* [PATCH v2] perf/core: Fix missing wakeup when waiting for context reference
@ 2024-04-18 8:03 Haifeng Xu
2024-04-18 10:03 ` Frederic Weisbecker
0 siblings, 1 reply; 3+ messages in thread
From: Haifeng Xu @ 2024-04-18 8:03 UTC (permalink / raw)
To: peterz, mingo, frederic
Cc: acme, mark.rutland, alexander.shishkin, jolsa, namhyung, irogers,
adrian.hunter, linux-perf-users, linux-kernel, Haifeng Xu
In our production environment, we found many hung tasks which are
blocked for more than 18 hours. Their call traces are like this:
[346278.191038] __schedule+0x2d8/0x890
[346278.191046] schedule+0x4e/0xb0
[346278.191049] perf_event_free_task+0x220/0x270
[346278.191056] ? init_wait_var_entry+0x50/0x50
[346278.191060] copy_process+0x663/0x18d0
[346278.191068] kernel_clone+0x9d/0x3d0
[346278.191072] __do_sys_clone+0x5d/0x80
[346278.191076] __x64_sys_clone+0x25/0x30
[346278.191079] do_syscall_64+0x5c/0xc0
[346278.191083] ? syscall_exit_to_user_mode+0x27/0x50
[346278.191086] ? do_syscall_64+0x69/0xc0
[346278.191088] ? irqentry_exit_to_user_mode+0x9/0x20
[346278.191092] ? irqentry_exit+0x19/0x30
[346278.191095] ? exc_page_fault+0x89/0x160
[346278.191097] ? asm_exc_page_fault+0x8/0x30
[346278.191102] entry_SYSCALL_64_after_hwframe+0x44/0xae
The task was waiting for the refcount become to 1, but from the vmcore,
we found the refcount has already been 1. It seems that the task didn't
get woken up by perf_event_release_kernel() and got stuck forever.

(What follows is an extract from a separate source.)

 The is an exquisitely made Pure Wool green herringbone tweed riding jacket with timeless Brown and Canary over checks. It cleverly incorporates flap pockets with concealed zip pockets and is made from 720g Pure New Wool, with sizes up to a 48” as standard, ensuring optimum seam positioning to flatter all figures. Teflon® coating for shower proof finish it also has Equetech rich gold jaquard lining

The
below scenario may cause the problem.
Thread A Thread B
... ...
perf_event_free_task perf_event_release_kernel
...
acquire event->child_mutex
...
get_ctx
... release event->child_mutex
acquire ctx->mutex
...
perf_free_event (acquire/release event->child_mutex)
...
release ctx->mutex
wait_var_event
acquire ctx->mutex
acquire event->child_mutex
# move existing events to free_list
release event->child_mutex
release ctx->mutex
put_ctx
... ...
In this case, all events of the ctx have been freed, so we couldn't
find the ctx in free_list and Thread A will miss the wakeup. It's thus
necessary to add a wakeup after dropping the reference.
Fixes: 1cf8dfe8a661 ("perf/core: Fix race between close() and fork()")

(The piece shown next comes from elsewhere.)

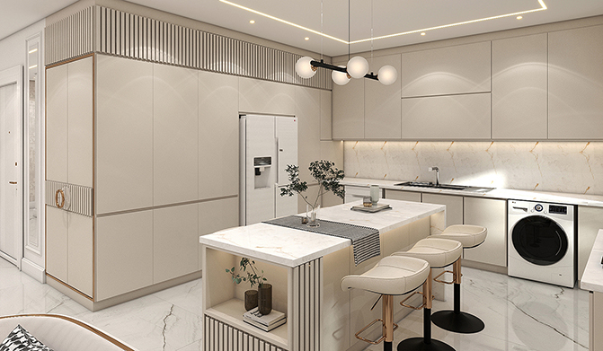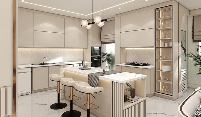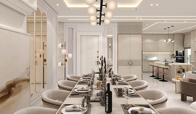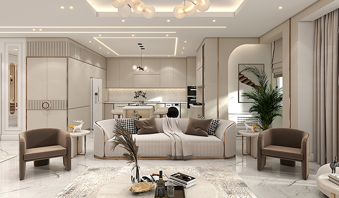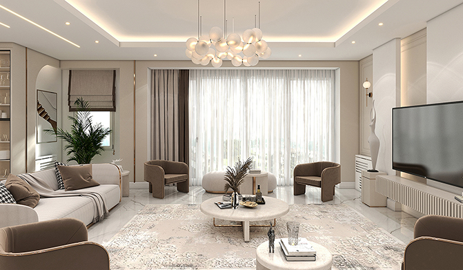 This design creates a modern and luxurious space, combining refined materials, precise lighting, and balanced arrangement to enhance warmth, comfort, and elegance in the environmentTwo comfortable armchairs placed near the television, complemented by small round tables, create visual balance and relaxation.A modern and minimalist design featuring decorative shelves and built-in cabinets, optimizing storage space efficiently.A unique modern chandelier, adding a distinctive touch to the ceiling and enhancing the overall ambiance.This design is perfectly aligned with the modern and minimalist style, delivering both comfort and grandeur simultaneously.

Signed-off-by: Haifeng Xu <haifeng.xu@shopee.com>
Signed-off-by: Frederic Weisbecker <frederic@kernel.org>
---
Changes since v1
- Add the fixed tag.
- Simplify v1's patch. (Frederic)
---
kernel/events/core.c | 13 +++++++++++++
1 file changed, 13 insertions(+)
diff --git a/kernel/events/core.c b/kernel/events/core.c
index 4f0c45ab8d7d..15c35070db6a 100644
--- a/kernel/events/core.c
+++ b/kernel/events/core.c
@@ -5340,6 +5340,7 @@ int perf_event_release_kernel(struct perf_event *event)
again:
mutex_lock(&event->child_mutex);
list_for_each_entry(child, &event->child_list, child_list) {
+ void *var = NULL;
/*
* Cannot change, child events are not migrated, see the
@@ -5380,11 +5381,23 @@ int perf_event_release_kernel(struct perf_event *event)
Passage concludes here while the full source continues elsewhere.